Here's our good friend Dilbert, on benchmarking:
That's an ... interesting definition. But it's a starting point to talk about the problems with indicators and comparisons.
It's amazing how much history, personality, past decisions, key individual leaders, social structures, civic involvement (among people and different types of community institutions), legacies, traditions, and a thousand other factors influence the success or failure of community improvement efforts. Pick a topic -- teen pregnancy, high school graduation rates, economic self-sufficiency, crime prevention -- we've had a thousand communities wrestle with these problems and have their combined experiences to draw upon.
So we know something about what has worked (and what hasn't) in some places and for some issues. But implementing the same program/process/policy in a different place often leads to less-than-expected outcomes.
I suspect the art of community improvement has to be informed by the data, the research, the combined experiences of those who have had success and those who have not. But the factors that lead to success often remain left out of our narratives -- the trust factors and relationships that made it work, the key driving personality(ies), the community cultural backdrop against which the drama played out.
Over the years, I've been gaining a greater appreciation for our story in Jacksonville, Florida.

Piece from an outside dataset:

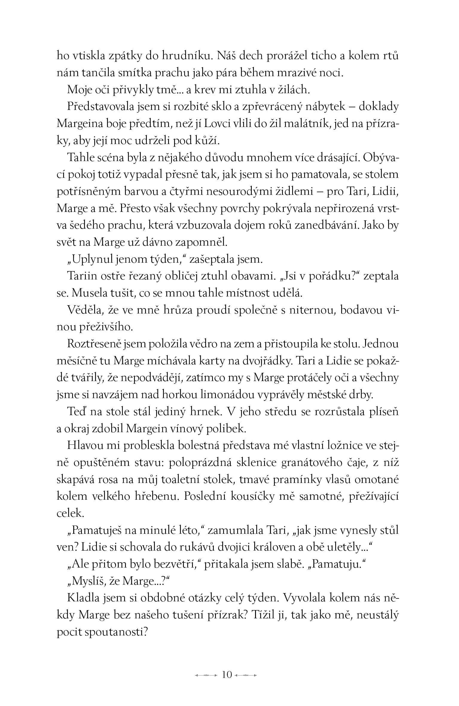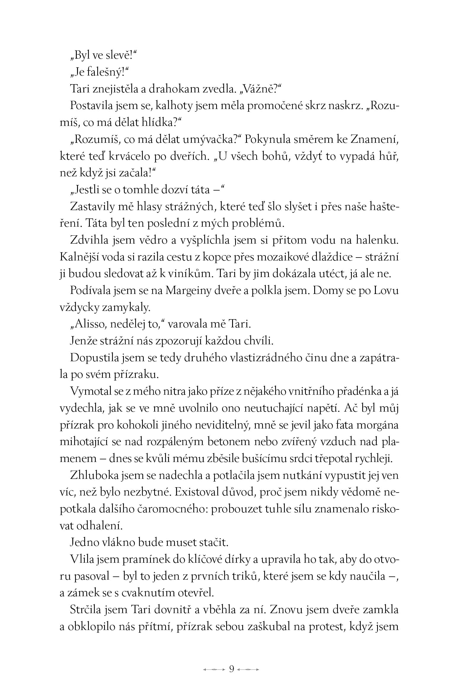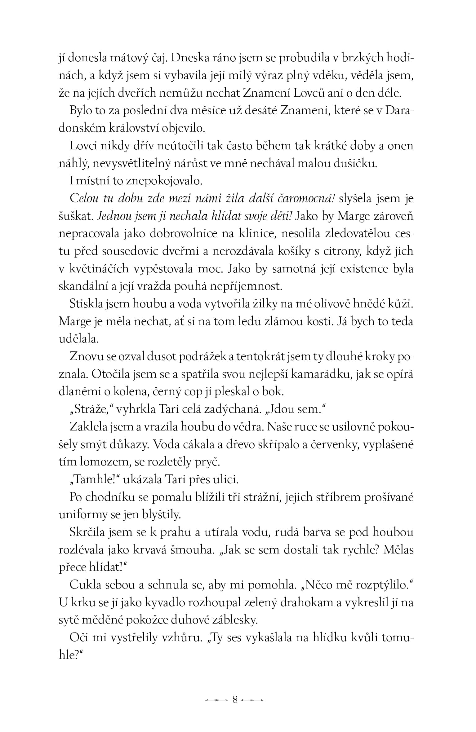 Může se zdát, že se děj rozbíhá pomalu. Opak je ale pravdou. I když se první polovina knihy soustředí především na intriky, vysvětlování situace kolem čaromocných a fungování dvora, pořád se něco děje. Bavilo mě vytvářet si vlastní teorie, sledovat drobné náznaky a přemýšlet, kdo má jaké motivace. Zhruba kolem dvousté stránky však přichází zlom. Děj nabírá na obrátkách, postavy se vybarvují a příběh se mění v napínavé pátrání po viníkovi. To mě bavilo o něco více, ale ani první polovinu bych rozhodně neoznačila za slabou. Spíš jde o pečlivé budování půdy pro všechno, co přijde později.

My organization is about to turn 35 years old; our indicators project, 25. But the story of our success begins, in part, in our community's response to a smallpox epidemic in 1883. And the structures in place that created the community conditions that allowed a different kind of response to the disease predated that effort by generations.
Does that mean our successes in Jacksonville can't be replicated? Of course not -- hundreds of communities have shown they can do what we have done, and more. But those communities brought their own stories and histories and people and institutions together and developed their own organizations and their own indicators in ways that never cease to delight and teach me.
As we develop our own success stories and case histories, may I suggest thinking about both the principles/processes/projects that led to success, and also the context in which those principles/processes were put into action. Both, I think, are critically important to understand, as we increase the knowledge base necessary to make communities better.
Time travelers, you have a new assignment.